Create Cluster With Google Cloud ML Diagnostics Enabled

Google Cloud ML Diagnostics is an end-to-end managed platform for ML Engineers to optimize and diagnose their AI/ML workloads on Google Cloud. The product allows ML Engineers to collect and visualize all their workload metrics, configs and profiles with one single platform, all within the same UI. The current product offering focuses on workloads running on XLA-based frameworks (JAX, Pytorch XLA, Tensorflow/Keras) on Google Cloud TPUs and GPUs. Current support is for JAX on Google Cloud TPUs only.

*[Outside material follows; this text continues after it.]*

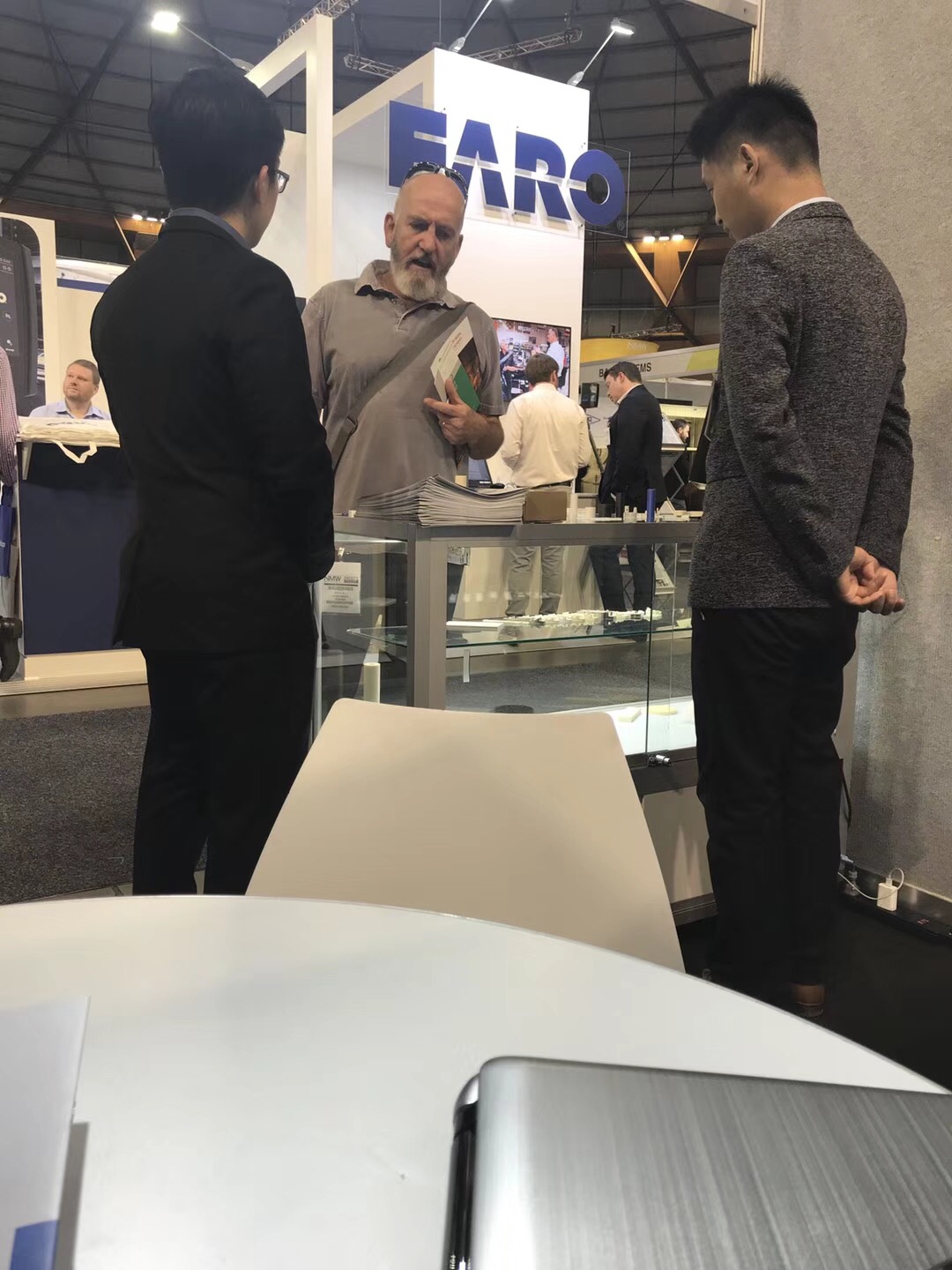 工作人員正在與外國客戶進(jìn)行洽談

Enabling ML Diagnostics is streamlined and simplified through XPK cluster creation commands.

By adding the --managed-mldiagnostics flag during the execution of either xpk cluster create or xpk cluster create-pathways, the ML Diagnostics functionality is enabled. This flag ensures the necessary supporting components (such as the injection-webhook and connection-operator) are automatically configured, allowing the feature to function seamlessly in both Pathways and non-Pathways execution environments.

Example Usage:

  • Cluster Create for Pathways with flag --managed-mldiagnostics:
xpk cluster create-pathways \
--cluster xpk-pw-test \
--num-slices=4 --spot \
--tpu-type=v5litepod-16 \
--managed-mldiagnostics
  • Cluster Create (provision spot / preemptible capacity) with flag --managed-mldiagnostics:
xpk cluster create \
--cluster xpk-test --tpu-type=v5litepod-16 \
--num-slices=4 --spot \
--managed-mldiagnostics

Cluster Delete

  • Cluster Delete (deprovision capacity):

    xpk cluster delete \
    --cluster xpk-test

Cluster List

  • Cluster List (see provisioned capacity):

    xpk cluster list

Cluster Describe

  • Cluster Describe (see capacity):

    xpk cluster describe \
    --cluster xpk-test

Cluster Cacheimage

  • Cluster Cacheimage (enables faster start times):

    xpk cluster cacheimage \
    --cluster xpk-test --docker-image gcr.io/your_docker_image \
    --tpu-type=v5litepod-16

Provisioning A3 Ultra, A3 Mega and A4 clusters (GPU machines)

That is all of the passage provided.